A profissão de fé sozinha pode obter a boa opinião de pessoas piedosas e, em alguns casos, pode procurar coisas mundanas boas; porém, de que aproveita a alguém se ganhar o mundo todo e perder a sua alma? Essa fé pode salvá-lo? Todas as coisas devem ser contadas como proveitosas ou prejudiciais para nós, segundo tenham a tendência de promover ou atrapalhar a salvação de nossas almas. Este ponto das Escrituras mostra evidentemente que uma opinião ou consentimento ao Evangelho, sem obras não é fé.
Não há maneira de mostrar que cremos realmente em Cristo, senão sendo diligentes em boas obras por causa do Evangelho e para os propósitos do Evangelho. Os homens podem vangloriar-se uns aos outros e se orgulharem falsamente de algo que na realidade não possuem. Não se trata somente de conformar-se à fé, mas consentir com ela; não só de concordar com a verdade da Palavra, mas de concordar em receber a Cristo. Crer verdadeiramente não é só um ato de entendimento, mas uma obra de todo o coração.

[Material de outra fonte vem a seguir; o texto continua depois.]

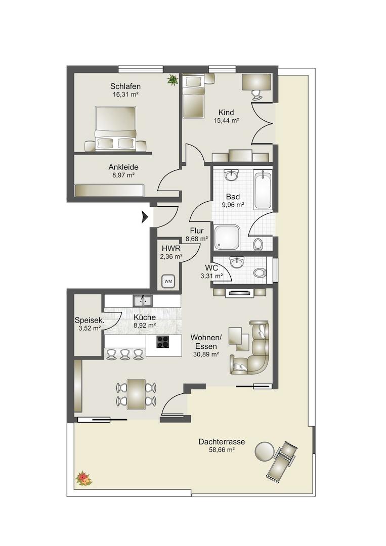 Attraktive 3,5-Zimmer-Dachgeschosswohnung mit großzügigem Grundriss und Dachterrasse
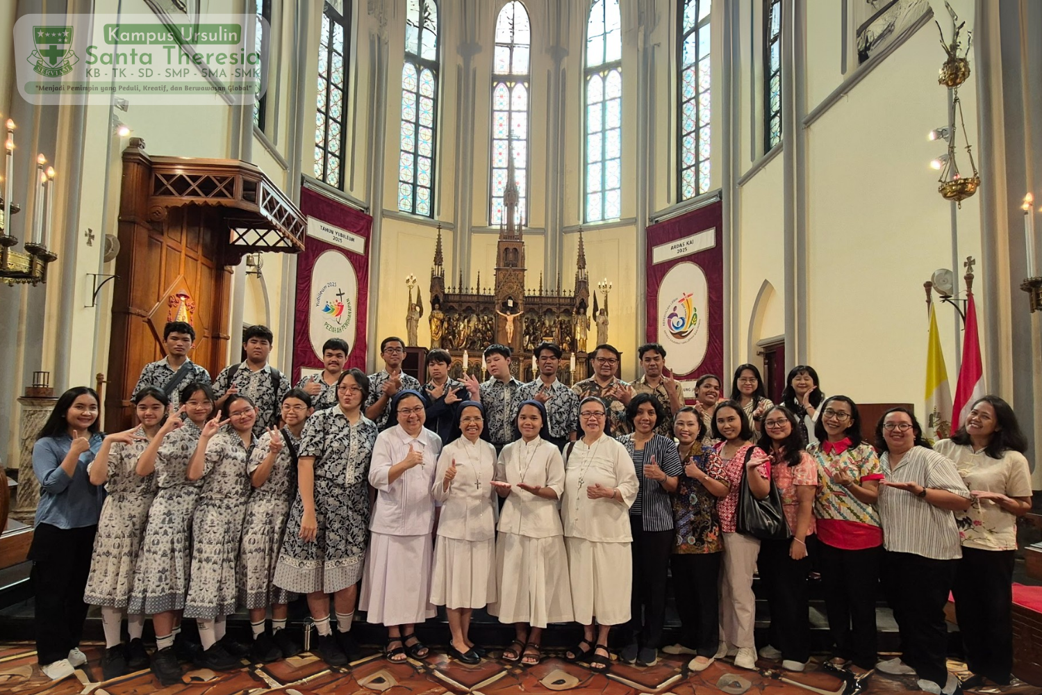 Kampus Ursulin Santa Theresia melaksanakan tugas pelayanan paduan suara di Paroki Katedral Jakarta Pusat hari Minggu, 31 Agustus 2025 pada misa live streaming pk. 08.30 WIB. Paduan suara kampus kali ini terdiri dari peserta didik SMP, SMA, SMK, para guru serta para suster.
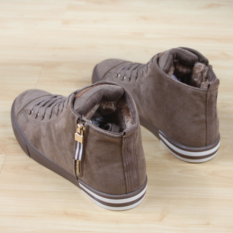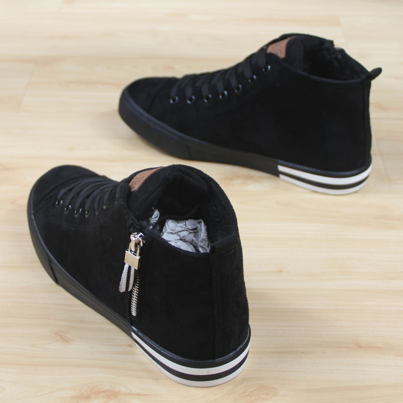 淘宝冬季款人本高帮绒面加厚保暖棉鞋男鞋系带拉链平底学生休闲鞋7507

Por dois exemplos se demonstra que a fé que justifica não pode existir sem obras: Abraão e Raabe. Abraão creu em Deus e isto lhe foi imputado por justiça. A fé que produz tais obras, conduziu-o a favores peculiares. Então vemos, no verso 24, como o homem é justificado pelas obras; não somente pela opinião ou declaração, ou por crer sem obedecer, mas tendo a fé que produz boas obras. Ter que negar a sua própria razão, afetos ou interesses, é uma ação ideal para provar um crente.
Observe aqui o maravilhoso poder da fé para transformar os pecadores. A conduta de Raabe provou que a fé dela era viva e tinha poder; demonstrou que ela cria com o seu coração e não só por consentimento intelectual.
Então, tenhamos em mente que as boas obras sem fé são obras mortas, carentes de raiz e princípio. Tudo o que fazemos por fé é realmente bom, porque se faz em obediência a Deus e para a sua aceitação: quando não há fruto é como se a raiz estivesse morta. A fé é a raiz, as boas obras são os frutos, e devemos nos ocupar em ter ambos. Esta é a graça de Deus pela qual resistimos, e a qual devemos defender. Não existe estado intermediário. Cada um deve viver como amigo de Deus ou como seu inimigo. viver para Deus, que é consequência da fé que justifica e salvará, nos obriga a não fazer nada contra Ele, mas a fazer tudo por Ele e para Ele.